» **Prompt**:
Given the records below, the lines starting at the line with "Leslie conçu par" and ending at the line with "相比刀與叉,匕的出現(xià" should be output exactly, both end lines kept and pictures left out.

» **Data supplied**:
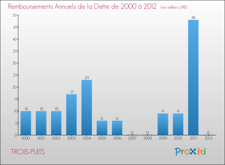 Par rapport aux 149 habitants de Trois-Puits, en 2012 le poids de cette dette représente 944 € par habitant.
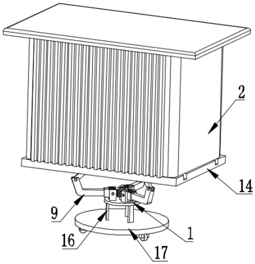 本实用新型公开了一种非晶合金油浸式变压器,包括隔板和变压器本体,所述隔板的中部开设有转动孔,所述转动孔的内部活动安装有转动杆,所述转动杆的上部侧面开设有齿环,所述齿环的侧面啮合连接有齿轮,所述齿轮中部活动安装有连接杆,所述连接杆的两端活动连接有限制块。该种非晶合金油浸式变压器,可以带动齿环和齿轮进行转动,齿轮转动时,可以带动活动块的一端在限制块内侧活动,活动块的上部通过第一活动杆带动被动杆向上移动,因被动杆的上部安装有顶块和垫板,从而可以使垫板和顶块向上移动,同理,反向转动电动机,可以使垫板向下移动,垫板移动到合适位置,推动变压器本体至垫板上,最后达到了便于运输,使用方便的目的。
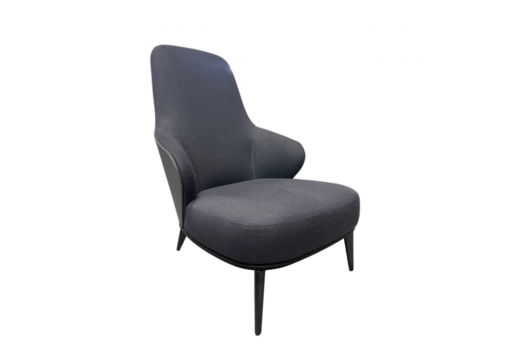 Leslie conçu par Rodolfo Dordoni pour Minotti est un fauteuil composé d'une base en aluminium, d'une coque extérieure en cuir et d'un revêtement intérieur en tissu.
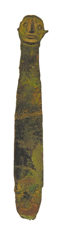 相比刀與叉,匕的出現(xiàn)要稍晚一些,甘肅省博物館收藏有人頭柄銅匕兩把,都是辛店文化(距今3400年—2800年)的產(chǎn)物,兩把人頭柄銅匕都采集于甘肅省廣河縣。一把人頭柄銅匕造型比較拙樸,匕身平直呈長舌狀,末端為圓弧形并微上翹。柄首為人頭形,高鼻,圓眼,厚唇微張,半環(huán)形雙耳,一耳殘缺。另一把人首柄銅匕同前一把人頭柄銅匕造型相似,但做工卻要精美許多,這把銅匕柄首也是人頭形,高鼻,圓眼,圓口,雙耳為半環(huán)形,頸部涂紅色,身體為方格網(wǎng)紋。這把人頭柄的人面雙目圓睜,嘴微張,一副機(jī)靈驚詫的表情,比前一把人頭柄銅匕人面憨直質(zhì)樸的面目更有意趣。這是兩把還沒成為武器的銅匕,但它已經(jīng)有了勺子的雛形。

==

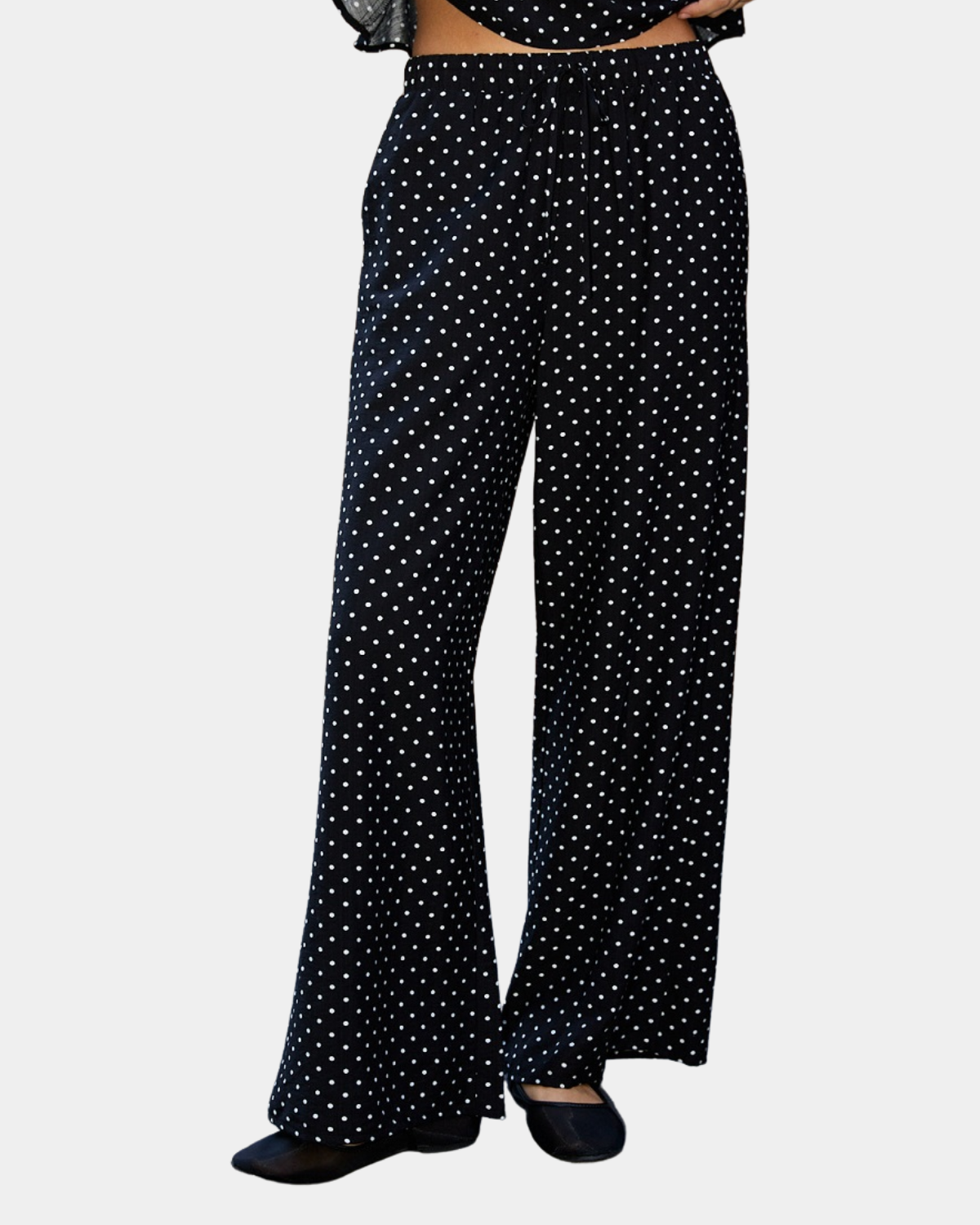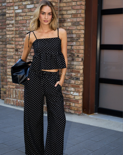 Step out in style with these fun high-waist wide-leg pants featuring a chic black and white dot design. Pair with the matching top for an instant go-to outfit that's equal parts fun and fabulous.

» **Solution for this task**:
 Leslie conçu par Rodolfo Dordoni pour Minotti est un fauteuil composé d'une base en aluminium, d'une coque extérieure en cuir et d'un revêtement intérieur en tissu.
 相比刀與叉,匕的出現(xiàn)要稍晚一些,甘肅省博物館收藏有人頭柄銅匕兩把,都是辛店文化(距今3400年—2800年)的產(chǎn)物,兩把人頭柄銅匕都采集于甘肅省廣河縣。一把人頭柄銅匕造型比較拙樸,匕身平直呈長舌狀,末端為圓弧形并微上翹。柄首為人頭形,高鼻,圓眼,厚唇微張,半環(huán)形雙耳,一耳殘缺。另一把人首柄銅匕同前一把人頭柄銅匕造型相似,但做工卻要精美許多,這把銅匕柄首也是人頭形,高鼻,圓眼,圓口,雙耳為半環(huán)形,頸部涂紅色,身體為方格網(wǎng)紋。這把人頭柄的人面雙目圓睜,嘴微張,一副機(jī)靈驚詫的表情,比前一把人頭柄銅匕人面憨直質(zhì)樸的面目更有意趣。這是兩把還沒成為武器的銅匕,但它已經(jīng)有了勺子的雛形。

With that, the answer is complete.